Vendo pelo retrovisor que eu já estava a uma distância suficiente da qual precisava, começo a diminuir a velocidade e ele logo nota isso.

- O que você está fazendo? - ouço ele gritar.

- Te dando mais tempo - respondo mais uma vez dando um sorriso triste. - Se eu não morrer agora, volte por mim! - Lhe digo apressadamente antes de desligar a chamada. O celular logo volta a vibrar e o encaro por alguns segundos me perguntando se nele haveria algo que poderia levar até ele, preferindo não arriscar o jogo pela janela.

Olho pelo retrovisor mais uma vez e vejo os carros surgindo em alta velocidade após fazerem a curva, diminuo ainda mais a velocidade quase parando o carro e fecho os olhos respirando fundo por alguns segundos na tentativa de criar coragem, nesses poucos segundos várias lembranças de tudo o que eu havia passado nos últimos dois anos vieram à minha mente em turbilhão, graças á isso consegui ter uma coragem que jamais poderia me imaginar tendo, de literalmente entregar a minha vida - ou que sobrou dela -, nas mãos de Deus - se é que ainda haveria um Deus por mim depois de tudo que fiz -, e deixa-lo decidir o que aconteceria comigo, se eu morreria e estaria finalmente me livrando de todo o inferno que estava passando, ou se eu voltaria e teria que sobreviver a ele até não me restar nenhuma outra alternativa a não ser destruí-lo, antes que ele me destrua de vez.

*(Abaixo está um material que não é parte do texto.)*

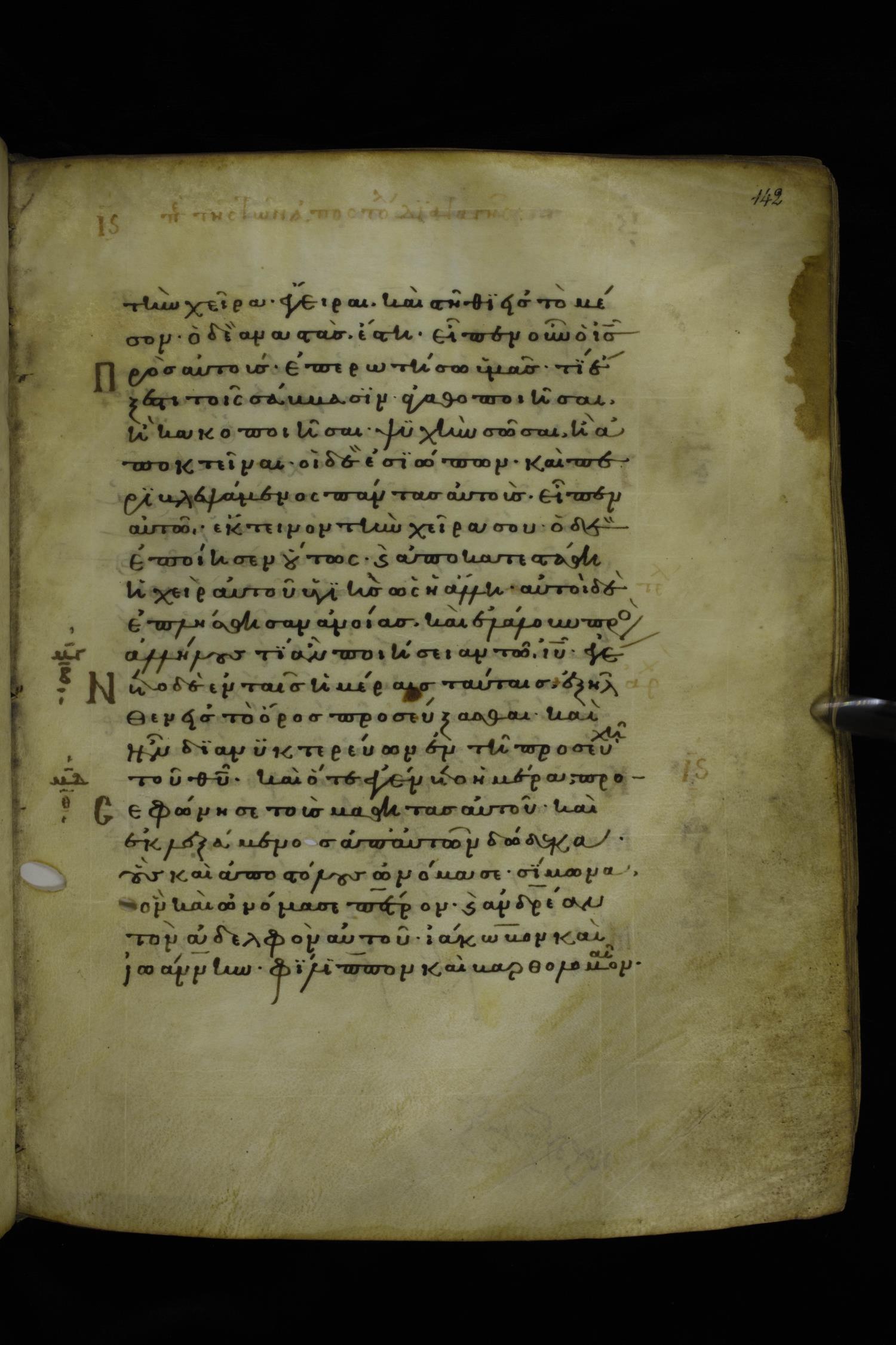 Twelfth century minuscule of the Gospels on parchment; 277 leaves, 1 column, 22 lines per column. Images were taken at the National Library of Greece in Athens.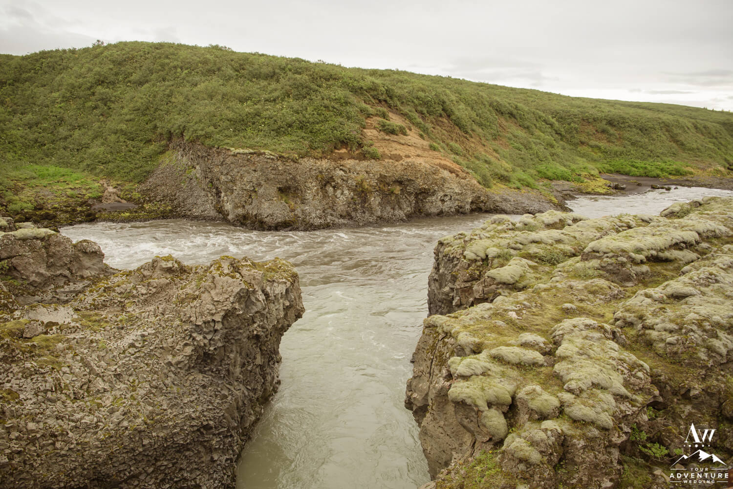 Believe it or not, throughout the highlands of Iceland, you will find countless glacier waterfalls (not spring fed). What does this mean or look like? To illustrate, water flows from inside the glacier, picks up sediments and minerals creating a brown almost heavy looking texture to it. These are some of our favorite types of waterfalls because they are ever changing during the rain and floods. It’s not good to drink that type of waterfall water, but it is pretty darn beautiful to photograph especially among lava rocks and mountainscapes!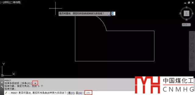 輸入PE命令,回車,當出現(xiàn)上述提示時,輸入M,回車,框選要轉(zhuǎn)換成多段線的直線和圓弧,選擇完后回車,軟件會提示是否轉(zhuǎn)換成多段線,如圖所示。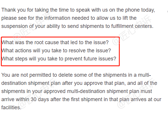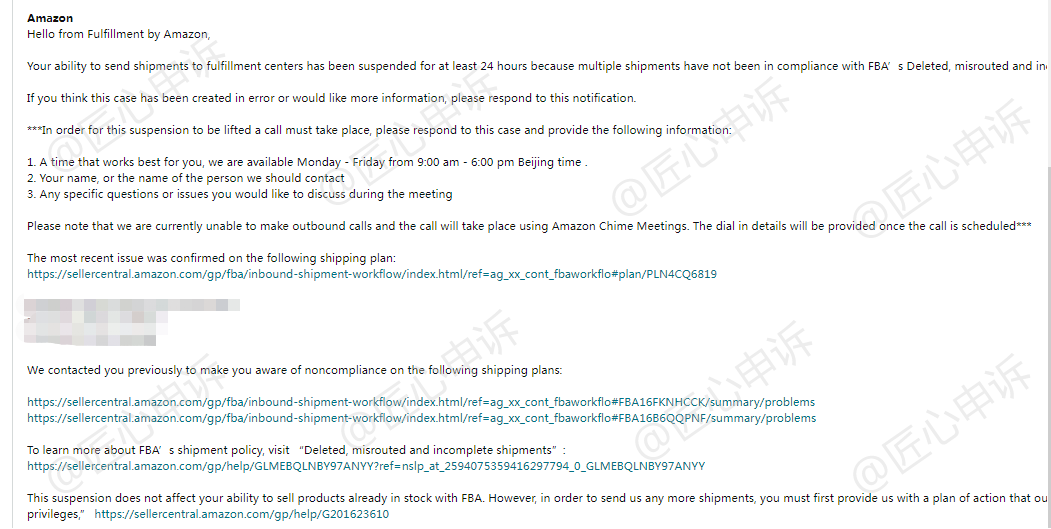 6月22日,我们收到一位客户的求助,他们的FBA发货权限暂时被冻结,起因是违反了"multiple shipments have not been in compliance with FBA's Deleted, misrouted and incomplete shipments policy",通知如下所示: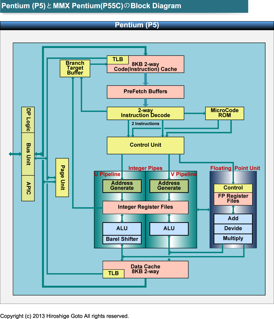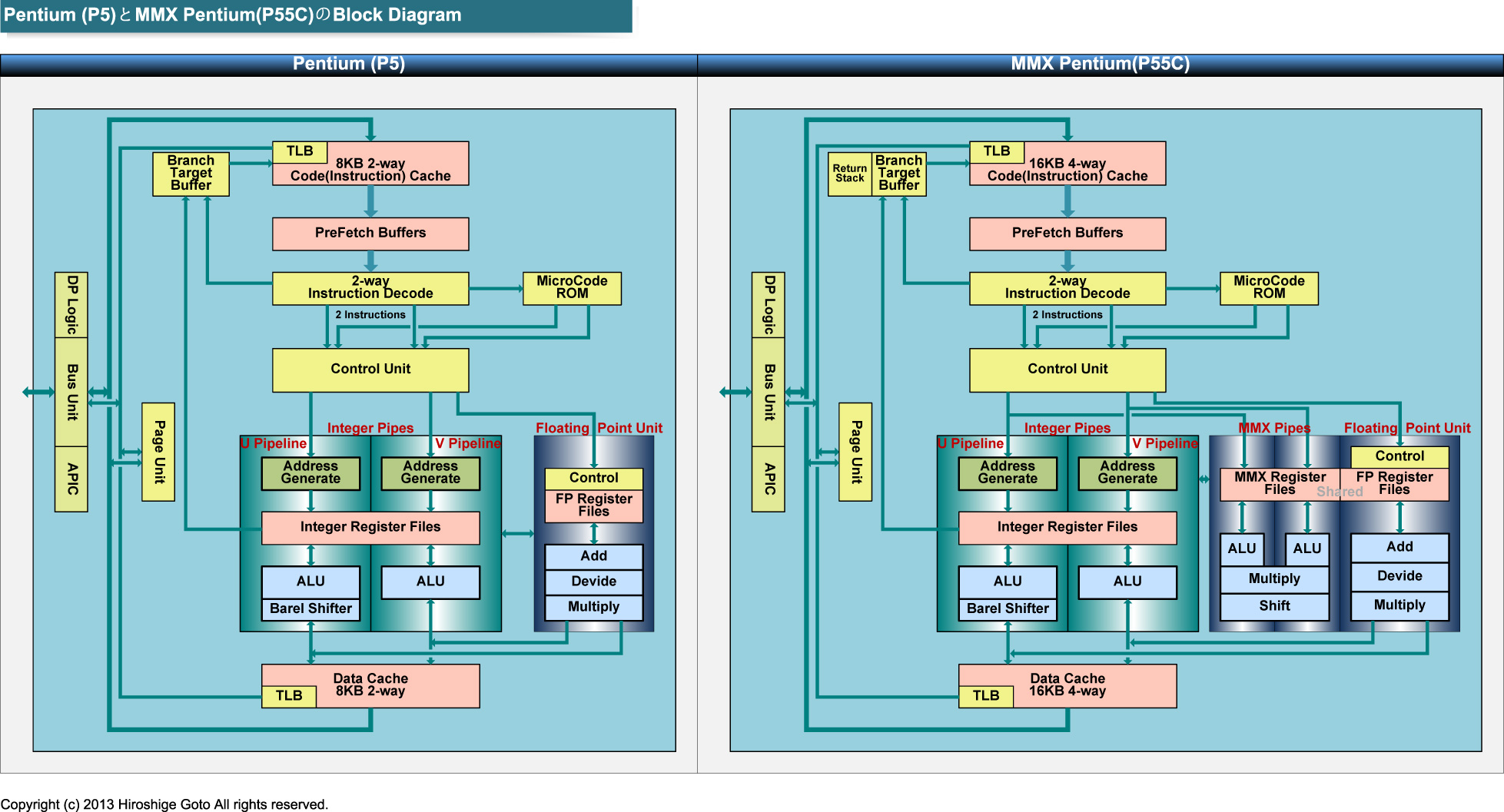 Pentium MMX (P55C)와 초대 Pentium (P5)의 블록 다이어그램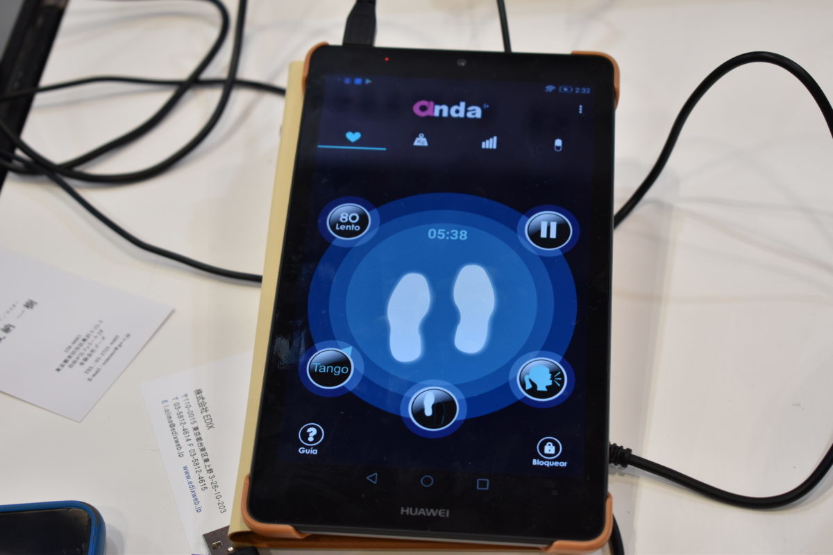 最後にスタートアップブースからもう1つだけ。興味深かったのが、コロンビアの企業Human Bionicsの「ANDA」というアプリ。パーキンソン病やアルツハイマー病により歩行がスムーズにできない人のために開発された、歩行を助けるアプリです。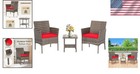 3 Pieces Patio Furniture Set Small Outdoor Wicker Rattan Front Porch Bistro Set

Abro os olhos agora decidida e giro o volante fazendo o carro ficar atravessado na estrada e rapidamente piso no freio, ao olhar para o lado pude ver os carros se aproximando rápidos demais para poderem parar diante deste meu inusitado movimento, desvio o olhar rapidamente olhando para o outro lado e por alguns milésimos vi o carro que estava a minha frente se distanciando, logo sinto um forte impacto me atirando para longe e em seguida senti minha cabeça batendo no teto do carro fazendo-me perder a consciência por alguns instantes, só consegui ver alguns vislumbres de tudo ao meu redor ficando de ponta a cabeça enquanto sentia meu corpo acompanhando esse ritmo, não consegui acompanhar toda a movimentação do carro capotando várias vezes consecutivas e também não percebi quando ele finalmente parou deixando-me ver tudo de cabeça para baixo, com dificuldade consigo olhar para o lado e com minha visão retorcida vejo o carro dele sumindo ao longe sem nenhum outro o perseguindo, sorrio, mesmo não sabendo ao certo se realmente consegui esboçar, e então tudo ficou escuro.